→ Work to be completed
Once the line with "Фуле с вареным" is found in the data, output it and each following line exactly, up to and including the line with "③右前脚掌为轴,脚跟外展,身体左 转,右腿屈弓,左脚后撤一步,脚尖外展 落地;两掌随转身向左平捋至体前,右掌", and nothing before or after.
▬▬▬
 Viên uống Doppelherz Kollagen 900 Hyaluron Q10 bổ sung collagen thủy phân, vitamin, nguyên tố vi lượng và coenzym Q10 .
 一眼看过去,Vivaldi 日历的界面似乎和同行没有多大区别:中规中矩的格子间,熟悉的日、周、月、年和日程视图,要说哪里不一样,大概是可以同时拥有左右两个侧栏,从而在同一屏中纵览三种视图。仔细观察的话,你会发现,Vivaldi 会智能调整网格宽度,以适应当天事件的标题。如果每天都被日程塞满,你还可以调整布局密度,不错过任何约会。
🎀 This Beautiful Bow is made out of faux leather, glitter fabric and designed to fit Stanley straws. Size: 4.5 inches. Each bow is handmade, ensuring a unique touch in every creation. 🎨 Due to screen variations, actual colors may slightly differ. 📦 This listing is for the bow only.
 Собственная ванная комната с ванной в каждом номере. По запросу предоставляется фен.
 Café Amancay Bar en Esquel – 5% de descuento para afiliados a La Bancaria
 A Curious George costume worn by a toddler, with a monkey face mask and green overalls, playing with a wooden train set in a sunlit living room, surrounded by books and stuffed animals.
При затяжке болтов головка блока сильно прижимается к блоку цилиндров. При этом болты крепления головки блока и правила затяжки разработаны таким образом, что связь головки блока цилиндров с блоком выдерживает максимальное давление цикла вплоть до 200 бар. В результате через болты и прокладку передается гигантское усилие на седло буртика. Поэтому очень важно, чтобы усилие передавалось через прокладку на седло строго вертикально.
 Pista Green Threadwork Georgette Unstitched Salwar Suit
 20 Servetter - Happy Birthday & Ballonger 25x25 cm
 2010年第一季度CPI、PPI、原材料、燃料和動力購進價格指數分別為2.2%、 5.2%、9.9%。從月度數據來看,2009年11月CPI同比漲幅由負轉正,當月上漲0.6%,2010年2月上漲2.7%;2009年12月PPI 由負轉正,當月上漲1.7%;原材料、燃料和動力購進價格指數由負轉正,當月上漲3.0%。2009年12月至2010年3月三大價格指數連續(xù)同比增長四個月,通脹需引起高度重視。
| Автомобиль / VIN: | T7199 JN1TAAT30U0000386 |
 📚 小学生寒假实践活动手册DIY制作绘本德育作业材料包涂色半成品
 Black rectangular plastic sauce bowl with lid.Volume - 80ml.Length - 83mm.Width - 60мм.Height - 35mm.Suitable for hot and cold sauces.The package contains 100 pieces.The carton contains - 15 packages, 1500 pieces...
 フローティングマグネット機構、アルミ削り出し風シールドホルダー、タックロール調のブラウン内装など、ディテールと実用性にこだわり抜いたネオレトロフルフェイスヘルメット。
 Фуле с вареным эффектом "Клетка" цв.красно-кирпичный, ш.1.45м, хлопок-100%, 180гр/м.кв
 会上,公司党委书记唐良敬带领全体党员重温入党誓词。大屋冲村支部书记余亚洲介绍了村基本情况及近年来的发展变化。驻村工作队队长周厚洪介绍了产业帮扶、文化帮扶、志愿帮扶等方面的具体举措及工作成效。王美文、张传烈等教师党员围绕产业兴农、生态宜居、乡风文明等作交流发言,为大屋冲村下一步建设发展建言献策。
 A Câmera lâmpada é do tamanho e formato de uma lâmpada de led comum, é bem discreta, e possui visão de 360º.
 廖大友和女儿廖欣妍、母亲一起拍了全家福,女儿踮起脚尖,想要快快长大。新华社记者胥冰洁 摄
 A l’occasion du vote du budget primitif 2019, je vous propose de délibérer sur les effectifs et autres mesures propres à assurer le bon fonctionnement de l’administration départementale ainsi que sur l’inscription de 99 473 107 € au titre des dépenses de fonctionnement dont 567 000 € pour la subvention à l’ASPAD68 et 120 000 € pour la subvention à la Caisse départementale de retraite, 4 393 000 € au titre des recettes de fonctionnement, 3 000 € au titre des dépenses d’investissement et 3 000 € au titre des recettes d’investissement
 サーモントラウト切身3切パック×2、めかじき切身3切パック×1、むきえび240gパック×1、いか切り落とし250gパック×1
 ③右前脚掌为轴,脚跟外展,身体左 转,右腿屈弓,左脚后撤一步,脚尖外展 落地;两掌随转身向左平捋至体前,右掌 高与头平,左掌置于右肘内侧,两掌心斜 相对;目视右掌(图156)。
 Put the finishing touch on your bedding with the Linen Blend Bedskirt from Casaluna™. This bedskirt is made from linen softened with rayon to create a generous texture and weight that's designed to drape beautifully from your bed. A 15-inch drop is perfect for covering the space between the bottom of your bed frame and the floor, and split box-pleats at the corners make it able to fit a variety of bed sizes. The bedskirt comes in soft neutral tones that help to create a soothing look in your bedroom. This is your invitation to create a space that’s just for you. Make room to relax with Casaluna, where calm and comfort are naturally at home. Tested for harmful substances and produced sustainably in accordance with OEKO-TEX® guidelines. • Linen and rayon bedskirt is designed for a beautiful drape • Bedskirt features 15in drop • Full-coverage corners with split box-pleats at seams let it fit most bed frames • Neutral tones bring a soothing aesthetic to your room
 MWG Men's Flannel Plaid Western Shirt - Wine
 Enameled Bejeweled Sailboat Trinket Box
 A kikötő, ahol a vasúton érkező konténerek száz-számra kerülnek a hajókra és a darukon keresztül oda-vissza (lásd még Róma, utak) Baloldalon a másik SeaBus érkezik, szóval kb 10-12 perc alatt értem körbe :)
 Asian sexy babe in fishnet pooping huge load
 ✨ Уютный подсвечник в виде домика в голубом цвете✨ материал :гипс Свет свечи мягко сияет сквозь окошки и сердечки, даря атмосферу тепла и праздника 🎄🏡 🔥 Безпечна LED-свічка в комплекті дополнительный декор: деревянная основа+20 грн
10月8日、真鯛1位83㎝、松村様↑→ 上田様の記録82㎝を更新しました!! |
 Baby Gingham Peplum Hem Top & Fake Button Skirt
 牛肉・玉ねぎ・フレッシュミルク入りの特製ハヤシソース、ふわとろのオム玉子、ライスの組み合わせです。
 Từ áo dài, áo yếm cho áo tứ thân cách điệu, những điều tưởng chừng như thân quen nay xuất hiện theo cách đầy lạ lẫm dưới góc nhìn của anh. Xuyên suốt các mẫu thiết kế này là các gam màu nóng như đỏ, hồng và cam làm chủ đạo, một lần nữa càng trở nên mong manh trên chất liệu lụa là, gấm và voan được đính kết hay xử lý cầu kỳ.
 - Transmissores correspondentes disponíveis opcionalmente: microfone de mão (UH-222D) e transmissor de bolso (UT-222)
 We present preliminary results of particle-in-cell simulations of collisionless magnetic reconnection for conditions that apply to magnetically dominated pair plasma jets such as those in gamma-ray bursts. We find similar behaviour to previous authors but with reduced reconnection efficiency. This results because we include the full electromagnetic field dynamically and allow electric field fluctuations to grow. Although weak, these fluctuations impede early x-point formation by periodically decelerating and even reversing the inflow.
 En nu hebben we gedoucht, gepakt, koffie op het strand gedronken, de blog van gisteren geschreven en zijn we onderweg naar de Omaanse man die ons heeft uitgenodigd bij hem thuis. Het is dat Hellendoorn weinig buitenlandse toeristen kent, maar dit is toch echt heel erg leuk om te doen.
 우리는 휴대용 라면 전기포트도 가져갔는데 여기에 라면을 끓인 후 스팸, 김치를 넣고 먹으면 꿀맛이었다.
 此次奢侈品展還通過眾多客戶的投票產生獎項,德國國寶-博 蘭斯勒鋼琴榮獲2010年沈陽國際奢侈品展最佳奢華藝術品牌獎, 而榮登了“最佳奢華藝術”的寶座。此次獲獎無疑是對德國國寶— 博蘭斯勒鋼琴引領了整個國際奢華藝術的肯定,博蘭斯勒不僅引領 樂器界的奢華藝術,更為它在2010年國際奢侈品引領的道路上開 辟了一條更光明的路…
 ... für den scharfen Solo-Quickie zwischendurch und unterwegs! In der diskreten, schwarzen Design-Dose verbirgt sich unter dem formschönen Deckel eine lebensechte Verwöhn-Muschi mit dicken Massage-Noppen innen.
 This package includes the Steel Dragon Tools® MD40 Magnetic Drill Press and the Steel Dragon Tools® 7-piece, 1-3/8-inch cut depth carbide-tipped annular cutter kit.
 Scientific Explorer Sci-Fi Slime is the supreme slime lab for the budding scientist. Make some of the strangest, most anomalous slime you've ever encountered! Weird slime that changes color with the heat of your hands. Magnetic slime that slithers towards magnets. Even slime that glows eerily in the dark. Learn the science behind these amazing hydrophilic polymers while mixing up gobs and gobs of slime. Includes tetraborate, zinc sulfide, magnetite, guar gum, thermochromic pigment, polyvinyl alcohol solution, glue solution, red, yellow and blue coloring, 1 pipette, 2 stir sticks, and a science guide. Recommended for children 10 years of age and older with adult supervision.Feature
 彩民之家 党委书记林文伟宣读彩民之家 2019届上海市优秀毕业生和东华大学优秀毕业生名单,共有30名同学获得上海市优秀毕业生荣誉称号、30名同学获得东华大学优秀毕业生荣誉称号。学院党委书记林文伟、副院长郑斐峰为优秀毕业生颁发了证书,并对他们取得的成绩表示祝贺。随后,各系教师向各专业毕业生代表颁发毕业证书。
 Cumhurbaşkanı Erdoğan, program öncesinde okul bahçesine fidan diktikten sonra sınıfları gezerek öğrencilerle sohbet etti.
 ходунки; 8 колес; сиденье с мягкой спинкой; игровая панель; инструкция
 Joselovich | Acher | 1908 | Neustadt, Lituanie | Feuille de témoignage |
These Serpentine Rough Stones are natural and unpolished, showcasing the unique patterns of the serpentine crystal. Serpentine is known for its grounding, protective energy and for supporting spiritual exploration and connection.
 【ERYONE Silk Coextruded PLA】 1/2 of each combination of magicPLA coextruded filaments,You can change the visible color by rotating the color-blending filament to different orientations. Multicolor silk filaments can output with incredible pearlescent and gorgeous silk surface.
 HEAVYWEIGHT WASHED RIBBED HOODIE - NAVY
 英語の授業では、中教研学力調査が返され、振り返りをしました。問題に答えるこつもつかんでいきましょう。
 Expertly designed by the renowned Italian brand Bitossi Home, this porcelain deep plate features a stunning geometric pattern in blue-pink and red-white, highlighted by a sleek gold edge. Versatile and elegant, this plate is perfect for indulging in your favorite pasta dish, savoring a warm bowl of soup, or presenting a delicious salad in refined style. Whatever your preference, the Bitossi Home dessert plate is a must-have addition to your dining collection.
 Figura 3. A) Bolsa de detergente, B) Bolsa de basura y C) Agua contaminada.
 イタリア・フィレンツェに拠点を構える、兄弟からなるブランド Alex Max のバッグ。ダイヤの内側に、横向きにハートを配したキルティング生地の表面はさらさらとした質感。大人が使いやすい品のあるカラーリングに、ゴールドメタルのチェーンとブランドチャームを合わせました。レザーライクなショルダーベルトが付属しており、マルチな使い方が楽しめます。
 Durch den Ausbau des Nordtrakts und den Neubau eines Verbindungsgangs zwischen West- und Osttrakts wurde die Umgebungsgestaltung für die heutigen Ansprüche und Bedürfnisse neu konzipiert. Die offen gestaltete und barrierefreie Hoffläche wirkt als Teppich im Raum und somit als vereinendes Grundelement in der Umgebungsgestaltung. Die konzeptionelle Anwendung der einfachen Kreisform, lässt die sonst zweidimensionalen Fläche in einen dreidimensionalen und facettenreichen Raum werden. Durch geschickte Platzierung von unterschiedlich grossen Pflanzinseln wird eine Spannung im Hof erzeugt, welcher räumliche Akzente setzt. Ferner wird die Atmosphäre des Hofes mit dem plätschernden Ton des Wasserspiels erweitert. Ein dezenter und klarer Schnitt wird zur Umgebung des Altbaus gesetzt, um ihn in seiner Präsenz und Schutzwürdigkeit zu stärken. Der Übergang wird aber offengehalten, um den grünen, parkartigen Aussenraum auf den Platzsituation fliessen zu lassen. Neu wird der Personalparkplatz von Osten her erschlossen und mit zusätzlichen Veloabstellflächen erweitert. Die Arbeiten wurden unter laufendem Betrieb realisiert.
▬▬▬
→ Solution to this exercise
 Фуле с вареным эффектом "Клетка" цв.красно-кирпичный, ш.1.45м, хлопок-100%, 180гр/м.кв
 会上,公司党委书记唐良敬带领全体党员重温入党誓词。大屋冲村支部书记余亚洲介绍了村基本情况及近年来的发展变化。驻村工作队队长周厚洪介绍了产业帮扶、文化帮扶、志愿帮扶等方面的具体举措及工作成效。王美文、张传烈等教师党员围绕产业兴农、生态宜居、乡风文明等作交流发言,为大屋冲村下一步建设发展建言献策。
 A Câmera lâmpada é do tamanho e formato de uma lâmpada de led comum, é bem discreta, e possui visão de 360º.
 廖大友和女儿廖欣妍、母亲一起拍了全家福,女儿踮起脚尖,想要快快长大。新华社记者胥冰洁 摄
 A l’occasion du vote du budget primitif 2019, je vous propose de délibérer sur les effectifs et autres mesures propres à assurer le bon fonctionnement de l’administration départementale ainsi que sur l’inscription de 99 473 107 € au titre des dépenses de fonctionnement dont 567 000 € pour la subvention à l’ASPAD68 et 120 000 € pour la subvention à la Caisse départementale de retraite, 4 393 000 € au titre des recettes de fonctionnement, 3 000 € au titre des dépenses d’investissement et 3 000 € au titre des recettes d’investissement
 サーモントラウト切身3切パック×2、めかじき切身3切パック×1、むきえび240gパック×1、いか切り落とし250gパック×1
 ③右前脚掌为轴,脚跟外展,身体左 转,右腿屈弓,左脚后撤一步,脚尖外展 落地;两掌随转身向左平捋至体前,右掌 高与头平,左掌置于右肘内侧,两掌心斜 相对;目视右掌(图156)。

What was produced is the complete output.